I’m having trouble understanding how KV cache helps significantly with serial depth (like “updating weights”). Isn’t the overwhelming bottleneck at the start of a new forward pass? Layer l KV cache entries for a given position contain only l-1 layers of contextual processing and layer 1 cache is just W^K to fixed token embeddings (no contextual richness). So then the deep info-rich representations only exist in the high-layer cache entries and those are only accessible to correspondingly high layers of the new token (layers that have already done their own deep processing) so early layers querying the KV cache are reading nearly context-free vectors (I think?)

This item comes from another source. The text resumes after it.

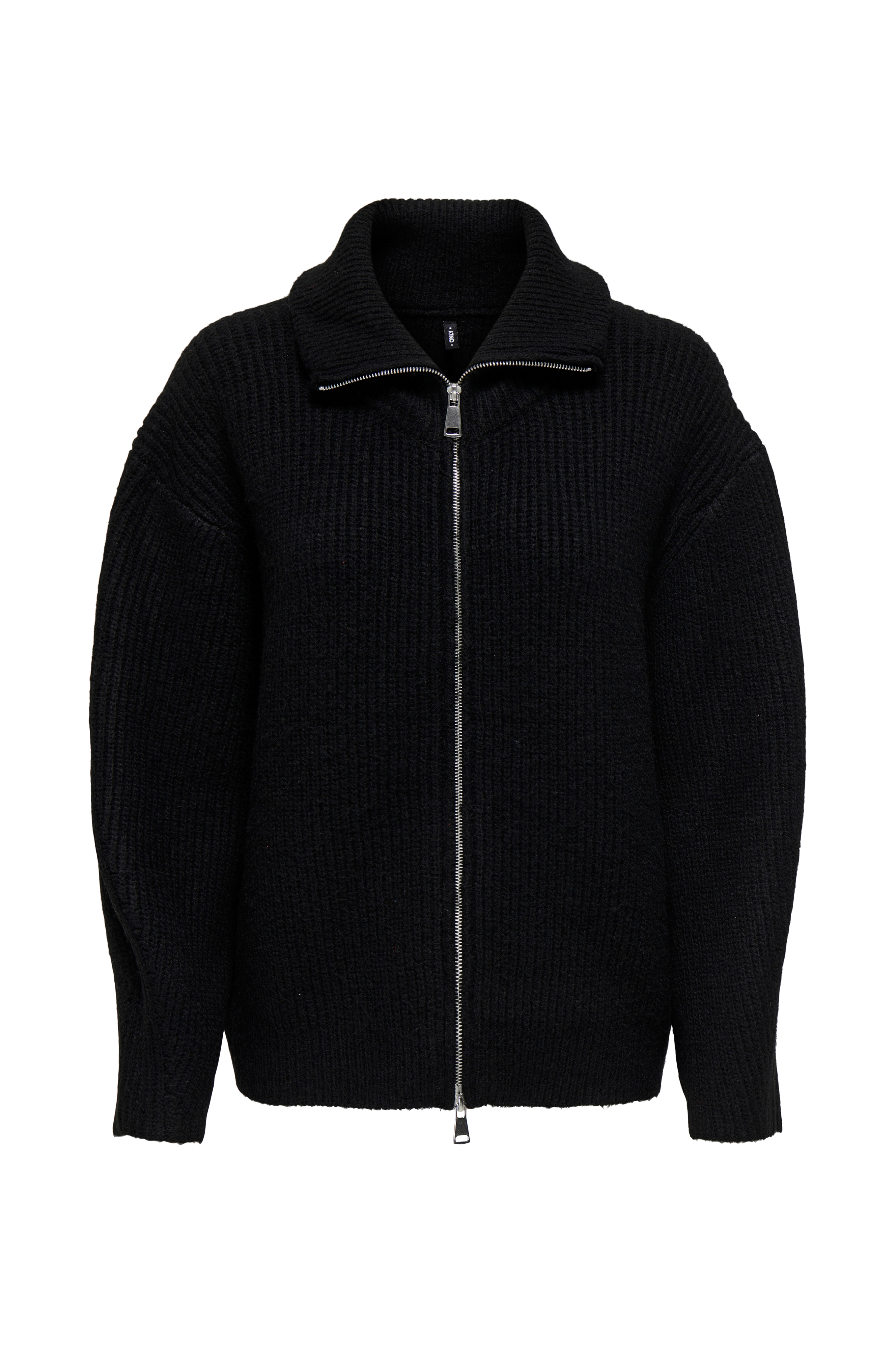 • Ribstrikket cardigan med høj krave• Tovejs lynlås ved fronten

There’s a discrete token bottleneck where depth-L computation selects a token, maps back to fixed embedding, and L layers process it from scratch so you get O(TL) serial depth over T steps but each cross-step compresses the high-dimensional representation down back to the trained vocab item/representation. Does this all sound right and you are just saying in theory you think this is sufficient?
I may be confusing/overlooking something simple
This was a helpful way to understand the differences (especially requiring authentication or knowing it’s really the principal is something I haven’t thought about much).
There’s an odd example where you might have someone like a CEO strike a deal with a misaligned/scheming model such that for some period of time/condition, the model is effectively secretly loyal despite it not having some weight-encoded “goal” or propensity to favor the principal.